Blue-collar jobs disappearing?

boddhisatva kbevans at
Thu Feb 29 06:10:50 MST 1996

		Mr. Proyect,

	As to the changes in work, first work will always have to be done.
Second, much of the "blue collar-less" ideas about the future are
demonstrably bourgeois fantasies.

	That being said, the automation of the workplace has always been
groaned about on the left because, despite greater efficiency and living
standards, automation has also been used to foster a meritocratic idea that
the people who do the actual work are less important.  Capitalists defend
rationalize their privilege by claiming that they are "worth" more than
workers, because of the kind of jobs they have.  The computer has capitalists
licking their lips at somehow being able to "get rid" of the worker all

	Clearly that is stupid, but the rational is out there.  The flip side
of the automation coin is that people like computer programmers - whose
efforts are far more like industrial labor than management - are creating a
rank of the proletariat that has more of the intellectual component to their
work than the management/capitalists.  Right now people such as this are
compensated well enough, and enjoy enough freedom in the workplace, that they
do not feel the proletarian pinch.  Looking forward to a time when 4500 a
year Indian software writers enter the market in significant numbers, this
will not be the case.  Quaintly, I think we are near a situation close to the
last turn of a century when booms in employment quieted revolutionary
tendencies.  It didn't last then and it won't now.
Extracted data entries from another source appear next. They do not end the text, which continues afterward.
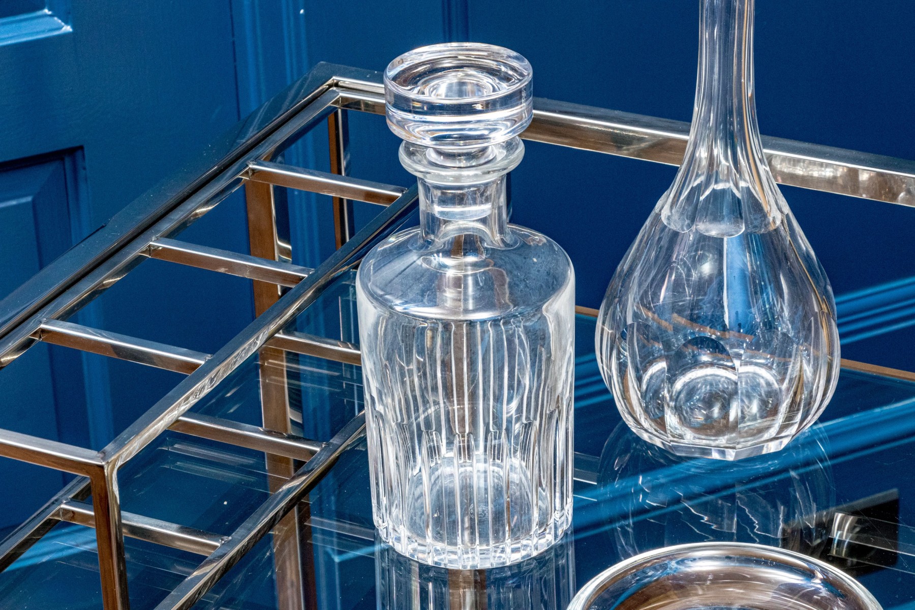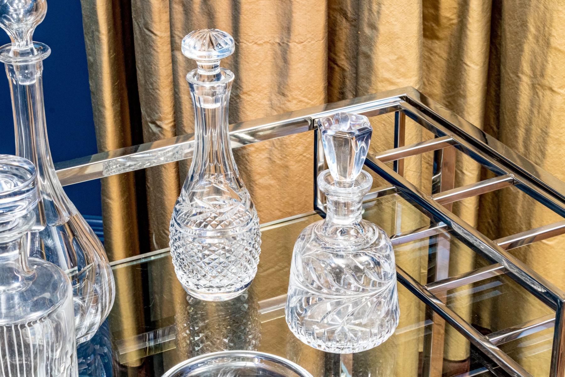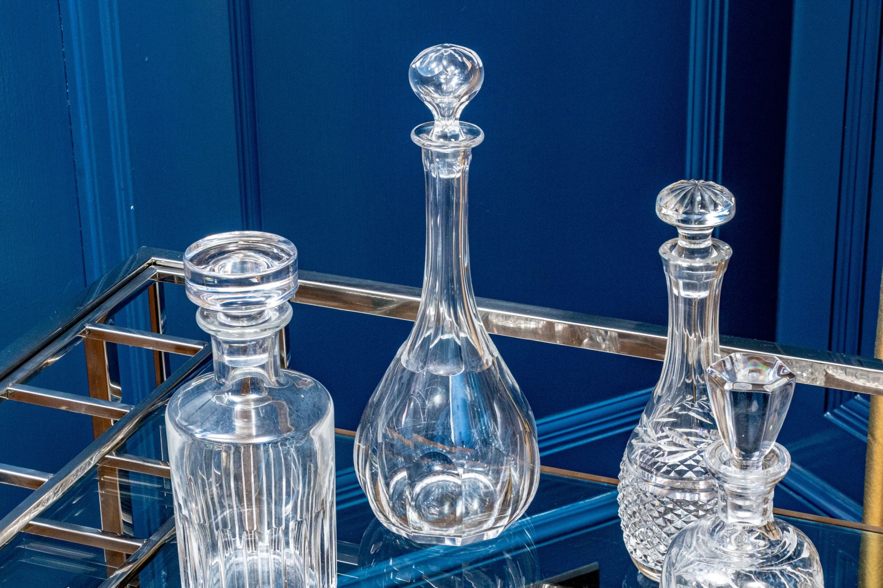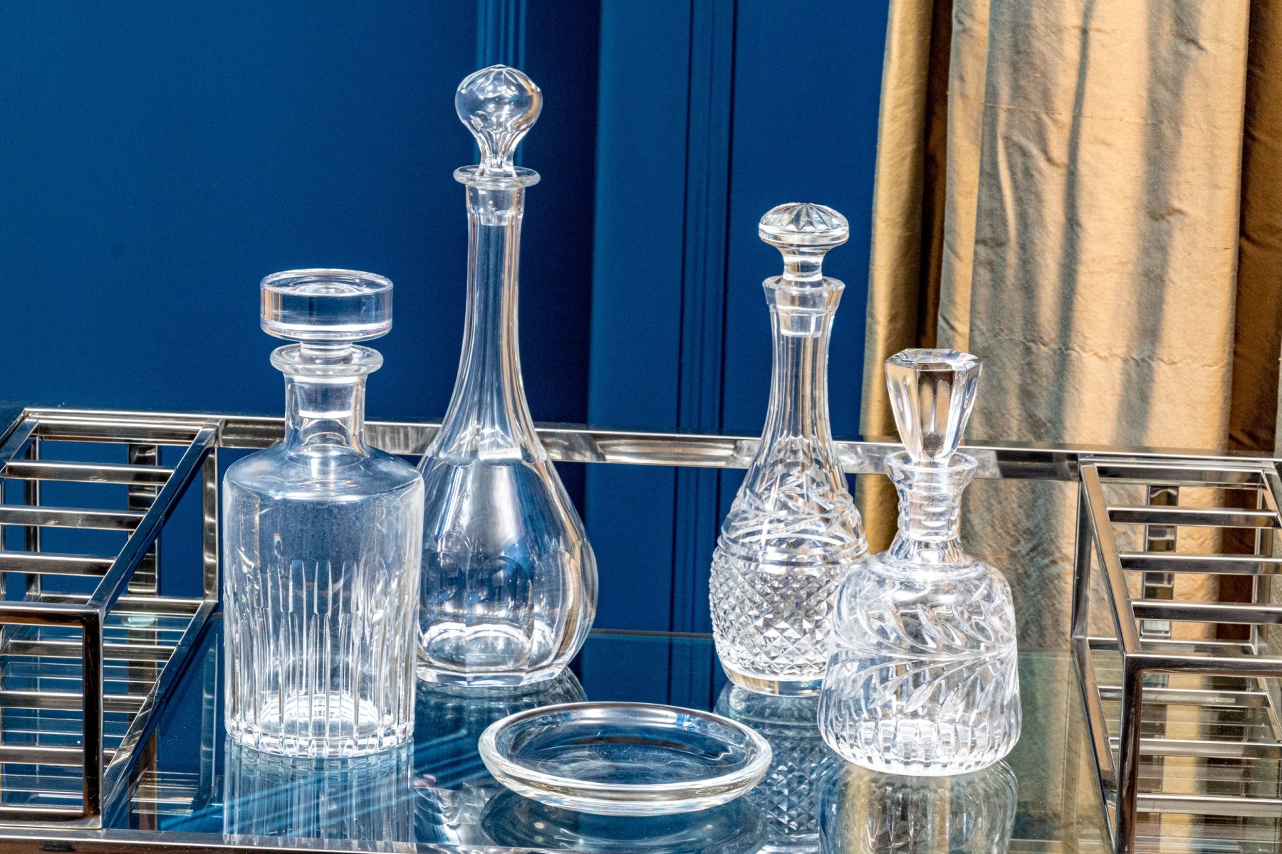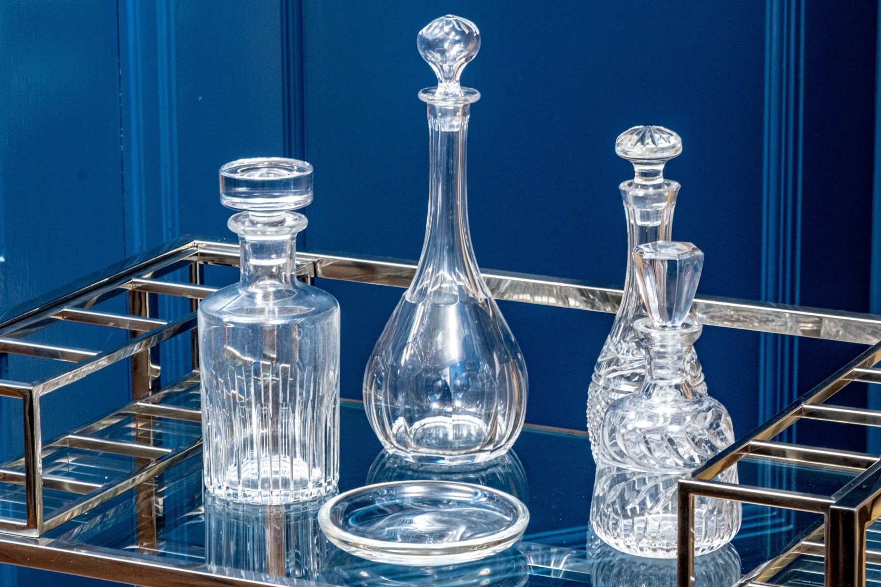 A delightful collection of crystal including four elegantly cut decanters with stoppers and a shallow bowl. Makers include Baccarat, Waterford, and Steuben.
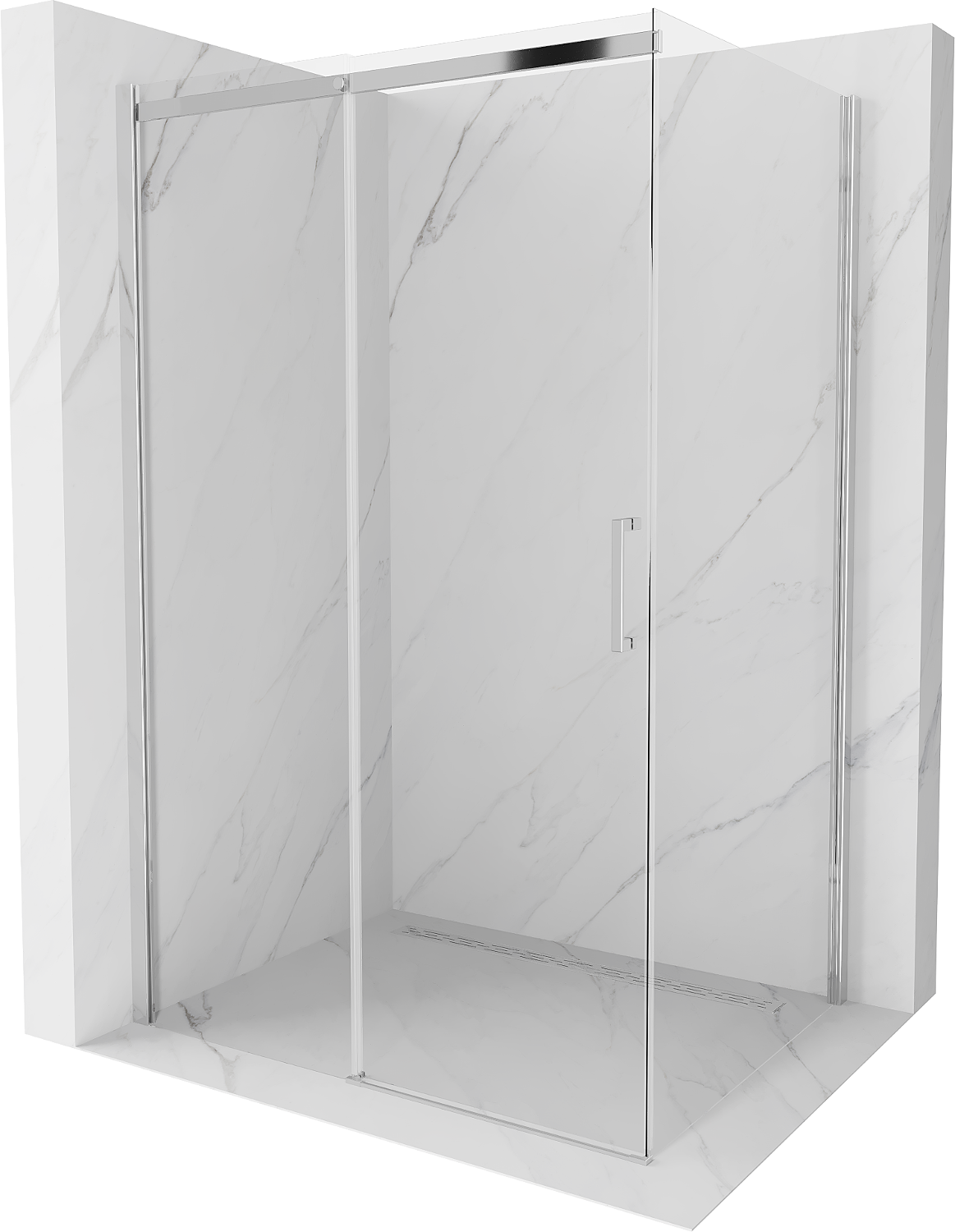 Posuvné dvere sa pohybujú po špeciálnych koľajniciach a nevyžadujú dodatočný priestor na otvorenie, preto sú ideálne pre menšie kúpeľne. Vďaka dvojitým kolieskam s kovovým telom je ich pohyb plynulý.
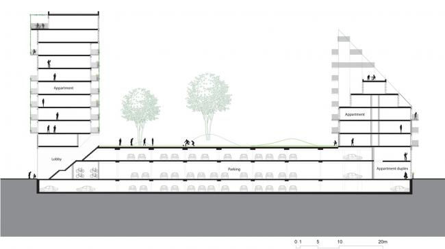 这座“房子”在小岛的中心地带形成了一个外部延伸,打破了其他建筑物的相对排列形式,并在街道上安排了一个开口。这块巨大的混凝土板形成了几个绿色的梯田式露台,可以将它们看做是能够俯瞰内部庭院的大空间。主体量由绿色金属面板组成,与“花园”的室内的功能呼应。
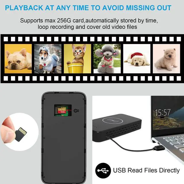 Micro SD Recording & No WiFi NeededThe power bank spy cam record and stored files in MicroSD card up to 256GB (SD card was not included that you have to prepare it), it support USB directly read files and playback videos on PC; No WiFi needed, No App, worry-free of wifi connection trouble, you can take it everywhere for recording while travelling, sport, hiking or any outdoor activities.
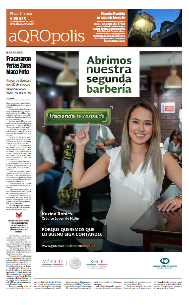 Portadas de nuestra edición hoy Viernes 22 de Septiembre de 2017
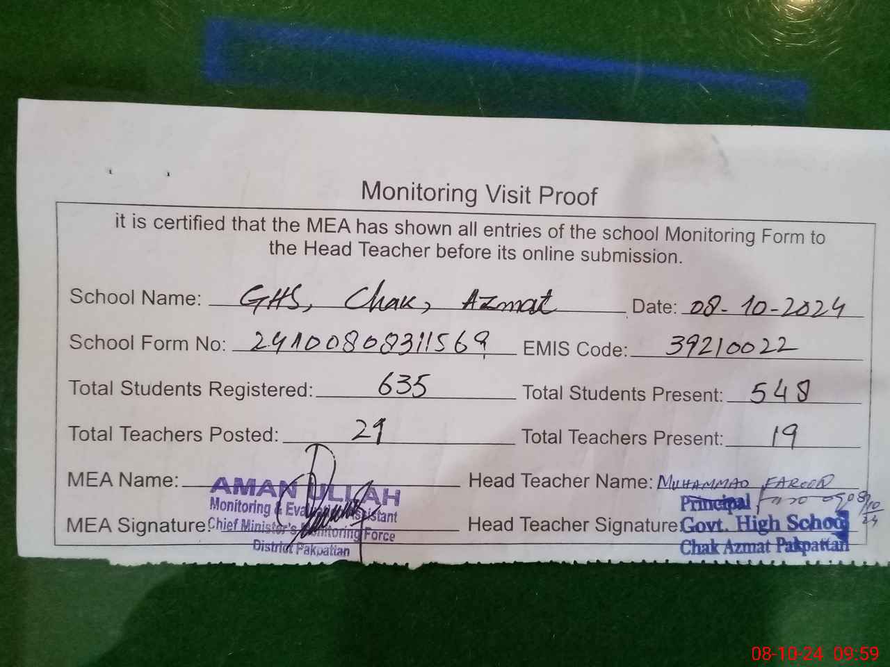| EMIS Code: 39210022 | Name of School: GHS CHAK AZMAT | |||
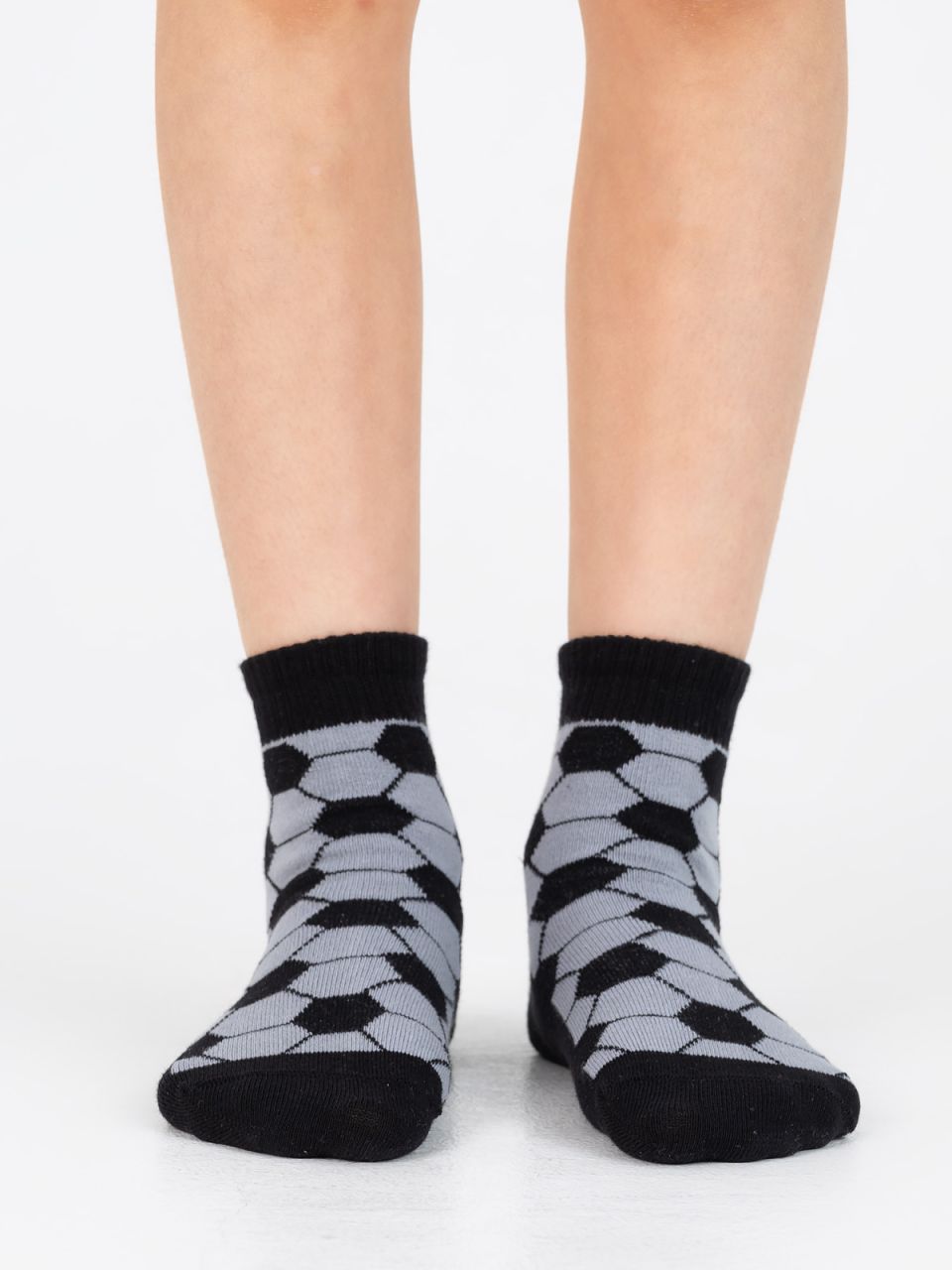 Детские демисезонные носочки в спортивной тематике. Стилизация носка под футбольный мяч привлекает внимание. Однотонными чёрными остаются след, мысок, пятка и борт. Модель предназначена как для занятий спортом, так и для повседневной носки. Ножкам ребёнка будет комфортно благодаря натуральной хлопковой основе. Добавление синтетических нитей укрепляет изделие и повышает его износостойкость. Непременный выбор активных, спортивных детей и любителей футбола.

	However, the automation boom does allow capitalists to further
undermine the perceived value of industrial work.  Not only that but
automaters with these attitudes reject the idea of smarter, more responsible
workers, and tailor their automation to puppet-string Taylorism.  As much as
automation can help, sensors and cameras no longer require humans to monitor
them, thus there develops the new "overseer" such as exists in telephone work
(like airplane reservations).

	Structurally, there is no difference between the "new" work and the
old.  Even fully automated factories require maintenance.  Those workers are
much like migrant fruit pickers.  They have no connection to the huge
money-making property/machine that they service.